Замените фразу «французская революция» фразой «русская революция 1917 года» — и перед нами формула солженицынского Красного колеса!
Экзистенциальный проект Ницше состоит в самоосуществлении индивидуума через превосхождение личного страдания, через его прорыв над распадающимся сознанием и фрагментирующейся общественной действительностью — явлений, столь характерных для эпохи Современного. По видению немецкого «психолога культуры», такие страдающие, тонко мыслящие личности — это избранные, окруженные «чандалами», стадно мыслящими и чувствующими (без)личностями, предводимыми стадными же вожаками. Ницшеанский сверхчеловек себя перевоссоздает, изобретая собственный, единоличный моральный кодекс и одновременно противопоставляя себя массовой посредственности и массовому конформизму.
Двадцатый век… Еще бездомней,
Еще страшнее жизни мгла
(Еще чернее и огромней
Тень Люциферова крыла).
11 декабря 1918 года. Солженицын родился под сенью Блоковых Люциферовых крыл. Двадцатый век — русский двадцатый век — стал свидетелем распада цельных политических, нравственных, религиозных, культурных смыслов, предвиденного Ницше. Своей жизнью, творчеством, личностью Солженицын — участник Второй мировой войны, очевидец и летописец ГУЛАГа, борец с тоталитарным государством, аналитик и комментатор посткоммунистического обвала — противопоставил себя течению всемирно-исторической энтропии. В созданных им автономных художественных мирах он восстанавливал перерывы постепенности, собирал и воссоединял кусочки и осколки — «крохотки» — утерянных, искаженных, раздробленных традиций, идей и концептов. И, конечно, представил читателю ряд ярких, страстных, мудрых автобиографических героев, на долю которых выпадает тяжелое личное и национальное страдание и которые это страдание осознают, преодолевают, превосходят. Которые восстают против муравьиной массовости и в этом смысле ведут себя по-ницшеански.
Я совсем не хочу сказать, что Солженицын — последователь Ницше, стихийный или тем более сознательный.
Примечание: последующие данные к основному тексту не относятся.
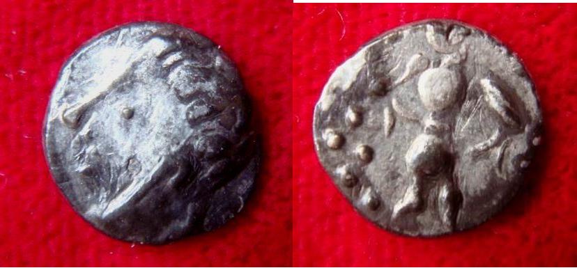 Diese Obole sind späte Imitationen der Goldprägung des Typs Athena- Alkis, am wahrscheinlichsten von Achtelstateren. Sie waren noch bis Ende der Neunziger extrem selten in der Standardliteratur zu finden ( 1 x Forrer, 1x Kolnikova).
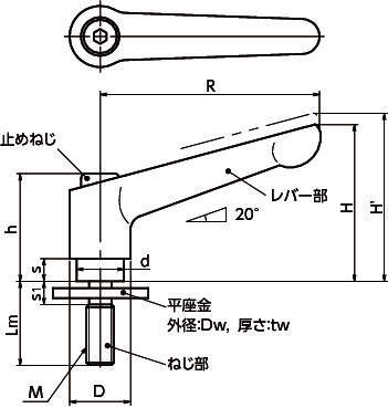・平座金が組み込まれたクランプレバー。
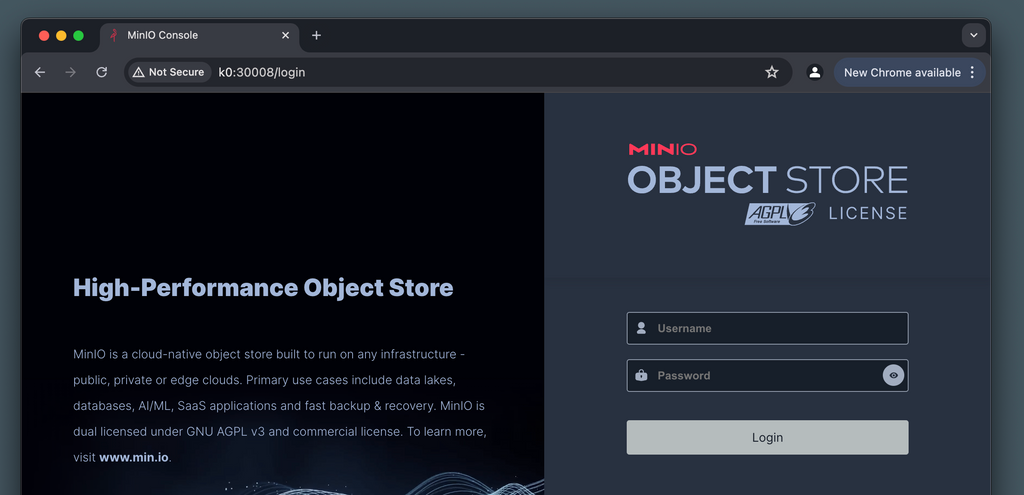 MinIO has two built-in services – the main storage service, as well as a console service, which we can use to create buckets, access keys, etc. We’ll expose the console service over a NodePort so we can use a web browser to set things up.
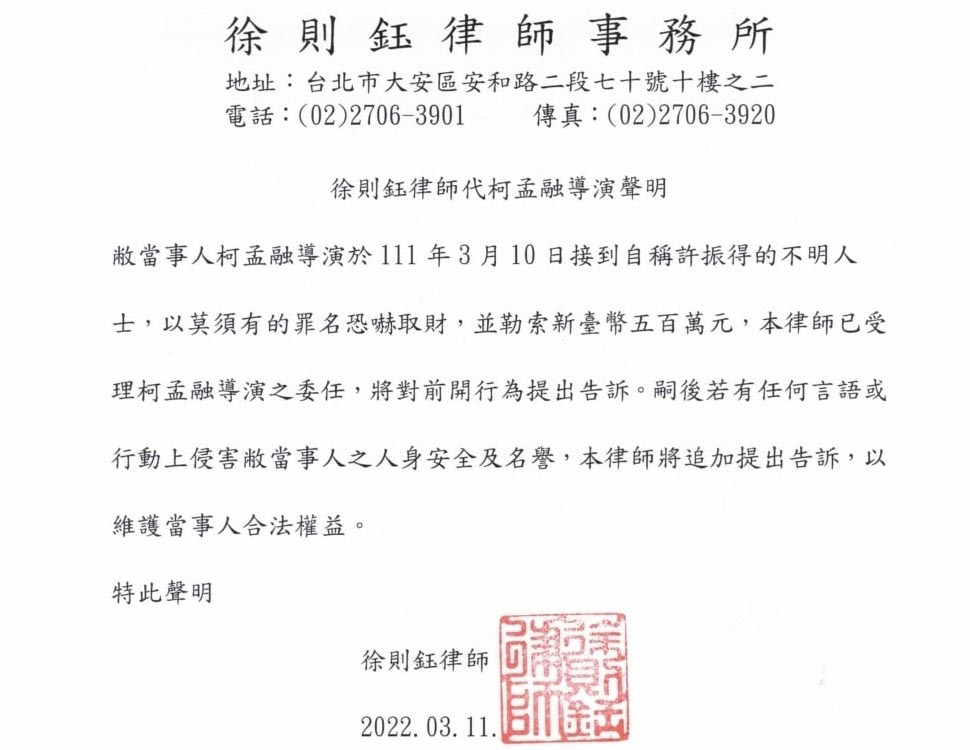 柯孟融的太太宋燕旻則在臉書貼出委託律師提告的文件,並強調自己相信老公的清白,「我相信我先生,他是一個正直善良的人,我們不會向任何惡勢力低頭,也不會接受莫須有的抹黑」。

Несколько лет тому назад я написал статью, где попытался показать точки несовпадения между этими двумя фигурами [3]. Солженицынские борцы против массовости, например Олег Костоглотов или Георгий Воротынцев, верны именно тем кодексам морали, которые для Ницше ужасающе устарели. Но мне кажется, что ницшеанский проект индивидуального самоопределения и самоутверждения вопреки или даже благодаря жестокому, почти невыносимому страданию близок писателю.
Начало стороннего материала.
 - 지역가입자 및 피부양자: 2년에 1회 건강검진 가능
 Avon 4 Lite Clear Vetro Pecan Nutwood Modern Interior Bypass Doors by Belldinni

Скажу больше. Солженицын для меня, безусловно, элитарный автор, причем в нескольких смыслах. Костоглотов, Нержин, Воротынцев, быть может, Саня Лаженицын противопоставляют себя современной им теории и практике массовости. Но в то же время эти умные и талантливые люди окунаются, — вернее, окунуты историей — в плотную народную среду и именно в ней самоутверждаются и самоопределяются, хотя всегда остаются для нее аутсайдерами. То же можно сказать об Игнатьиче в рассказе «Матренин двор», абсолютно автобиографическом персонаже, обрисованном, однако, пунктирно.
В этом отношении показателен образ Сологдина в «Круге первом», личности, безусловно, незаурядной. Блестящий инженер, отважный зэк и удачливый соблазнитель красивых женщин, он предпочитает разговаривать на придуманном им Языке Предельной Ясности, осовремененном варианте «Славянорусского корнеслова» адмирала Шишкова. Сологдин обладает харизмой. Со своей «белокурой бородкой, ясными глазами, высоким лбом, прямыми чертами древнерусского витязя» [4] он двойник Николая Черкасова в фильме «Александр Невский». Для вдумчивого читателя эта физиогномическая деталь является тончайшим интертекстуальным предостережением: вспомним уничижительные отзывы о фильмах Эйзенштейна кавторанга Буйновского и ветерана лагерей Х-123 в «Одном дне Ивана Денисовича». Гипер-патриот и супер-славянофил Сологдин подчеркнуто манкирует Спиридоном Егоровым, едва ли не единственным «представителем Народа» [5] в шарашке, послом от русского крестьянства в тексте произведения. Спиридон вызывает у харизматического инженера высокомерную усмешку, которую последний не пытается скрыть. Снобу Сологдину неведомо, что истинный джентльмен разговаривает с представителями всех социальных слоев одинаковым языком и тоном, как это делает его приятель Нержин или (в «Раковом корпусе») Костоглотов. В круглосуточном споре Сологдина с марксистом-ленинистом Рубиным, добродетельным адептом ошибочной, если не античеловеческой, идеологии, Сологдин риторически и просто по-человечески проигрывает. Он предстает как позер, а его лексические и поведенческие завихрения — как пустой перформанс. Кстати, тут мы имеем дело с приемом, который часто присутствует у Достоевского: один неправильно мыслящий спорщик (Рубин) дезавуирует другого неправильно мыслящего спорщика (Сологдина). Истина рождается из столкновения двух не-истин.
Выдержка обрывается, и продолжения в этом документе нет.